[Records contained in a dataset]
•••••

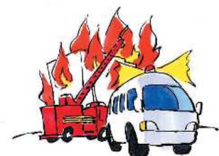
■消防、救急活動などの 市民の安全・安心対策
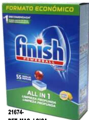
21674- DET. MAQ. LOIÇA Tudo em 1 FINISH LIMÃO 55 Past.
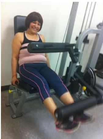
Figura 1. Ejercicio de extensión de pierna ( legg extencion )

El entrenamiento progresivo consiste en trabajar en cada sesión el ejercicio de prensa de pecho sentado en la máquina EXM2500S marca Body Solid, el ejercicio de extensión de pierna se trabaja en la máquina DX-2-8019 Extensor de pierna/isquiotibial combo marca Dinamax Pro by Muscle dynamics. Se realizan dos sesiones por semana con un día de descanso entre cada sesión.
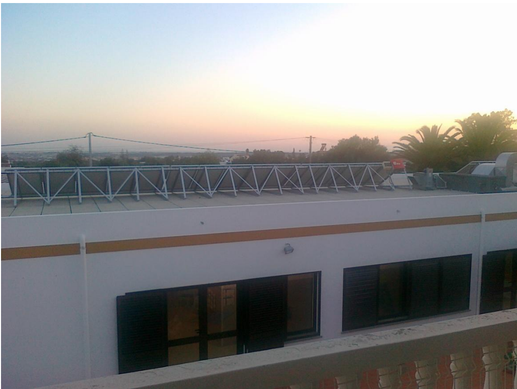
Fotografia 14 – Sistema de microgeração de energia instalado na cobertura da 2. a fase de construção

•••••

YOUR OBJECTIVE:
Locate the word "extensión" in the records above, and return each line that has it.

THE COMPLETED TASK:
Figura 1. Ejercicio de extensión de pierna ( legg extencion )
El entrenamiento progresivo consiste en trabajar en cada sesión el ejercicio de prensa de pecho sentado en la máquina EXM2500S marca Body Solid, el ejercicio de extensión de pierna se trabaja en la máquina DX-2-8019 Extensor de pierna/isquiotibial combo marca Dinamax Pro by Muscle dynamics. Se realizan dos sesiones por semana con un día de descanso entre cada sesión.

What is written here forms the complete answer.